Exercise data below:

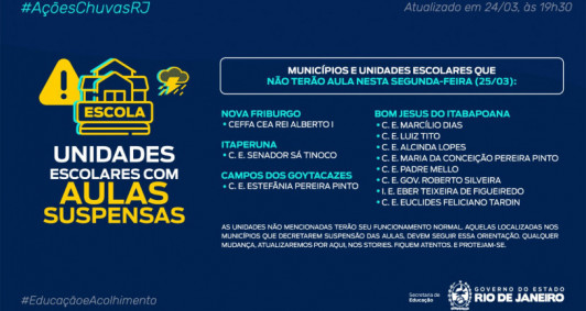 O Governo do Estado do Rio de Janeiro, por meio da Secretaria de Estado de Educação (Seeduc-RJ) informa que, ao todo, 11 escolas não conseguirão retornar às aulas, nesta segunda-feira (25), devido às fortes chuvas que atingem o estado desde a sexta-feira (22). Do total, oito unidades são de Bom Jesus do Itabapaona, uma de Itaperuna e outra de Campos. A medida foi tomada para garantir a segurança de alunos e servidores nas regiões mais afetadas e buscar o restabelecimento das atividades pedagógicas.
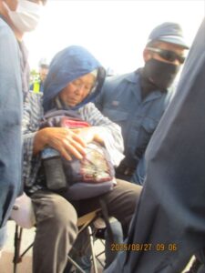 1回目の座り込み、車いすが2台、島袋文子さんとヒロシさん。車いすでも熱心に辺野古に通うお二人には頭が下がる。
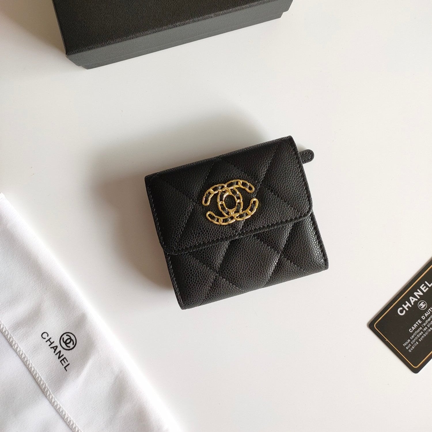 CC SQUARE PURSE 12 BLACK GRAINED CALFSKIN GOLD ICON
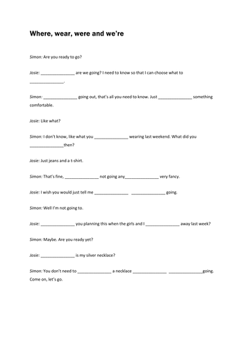 Where, Wear, Were or We're? by jenkarenh - Teaching ...
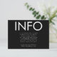 This fantastic clean, tidy well designed modern minimal yet very playful Bold Names & text placement in Black and White for minimalistic style, however is customisable to other colours and is part of a unique suite and collection by Phrosne Ras Design. This would be great for those planning a fun black & white event, with this wedding information Enclosure Card being bold and was inspired by fun-loving people who love a good party and don't mind straying from tradition.
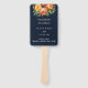 Séjournez cool et élégant lors de votre journée spéciale avec ce programme de mariage floral Vintage personnalisé Fan à la main! Doté de roses bordeaux et de beurre jaune et de pivoines aux feuilles verts sauge, cet élégant design est placé contre un arrière - plan bleu marine chic pour une touche chaleureuse et romantique. L'ordre de cérémonie est magnifiquement affiché dans une police moderne élégante et script en crème douce, complétant parfaitement votre mariage sur le thème du jardin d'été. Un détail pratique et charmant pour vos invités, ce ventilateur de main programme de mariage est à la fois fonctionnel et un charmant gardien de votre grand jour.
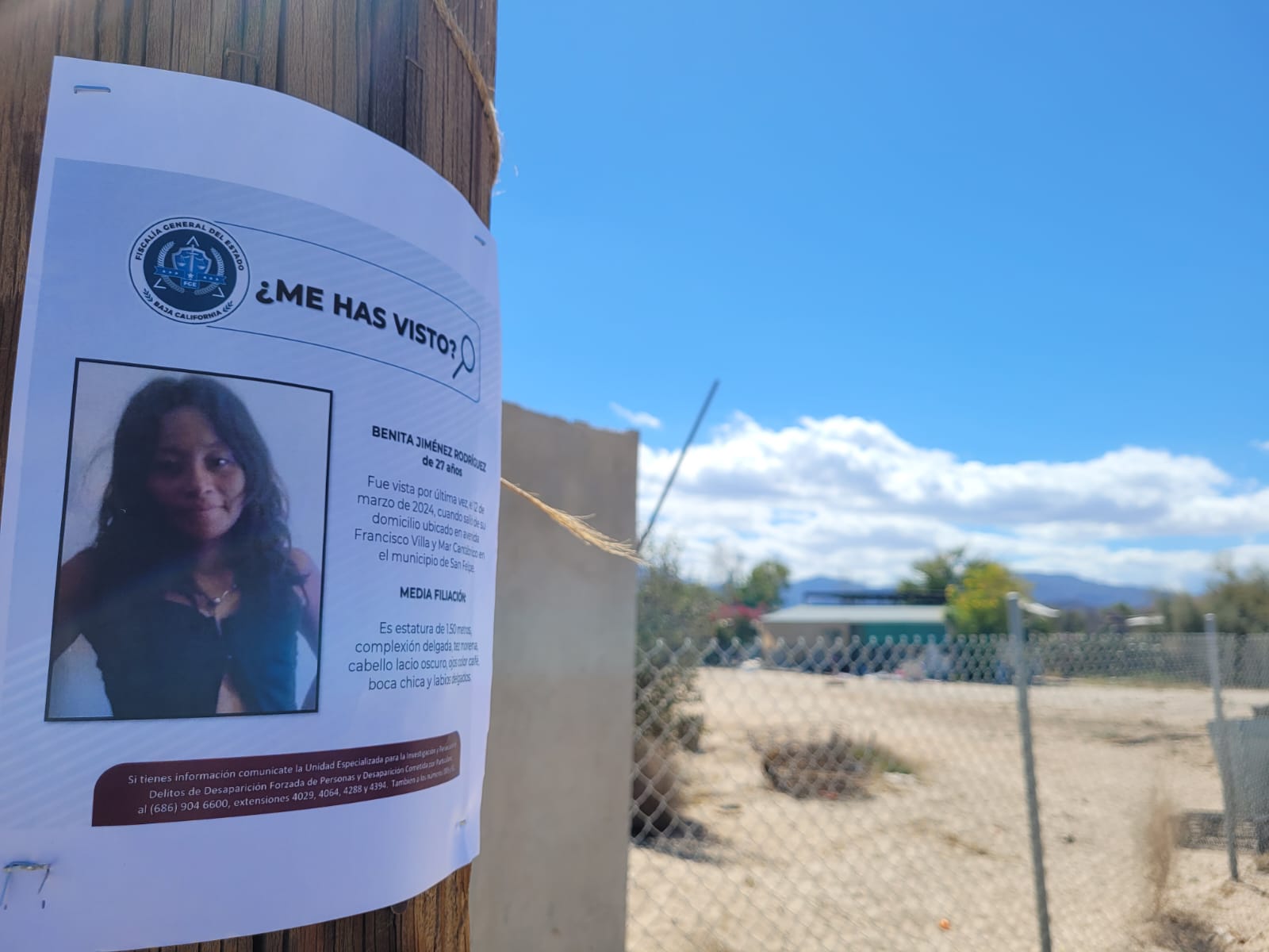 MEXICALI, B.C. Con la finalidad de fortalecer la investigación por la desaparición de Benita Jiménez Rodríguez y Jonathan Alejandro Padilla Medina, elementos de Fiscalía General del Estado desplegaron operativos de búsqueda en vida, en los municipios de Mexicali y San Felipe.

End of Exercise data.

*Your assignment*: Copy exactly the lines of the entries above from the one containing "CC SQUARE PURSE" through the one containing "Where, Wear, Were". Both end lines count; pictures do not.

*Finished exercise*:
 CC SQUARE PURSE 12 BLACK GRAINED CALFSKIN GOLD ICON
 Where, Wear, Were or We're? by jenkarenh - Teaching ...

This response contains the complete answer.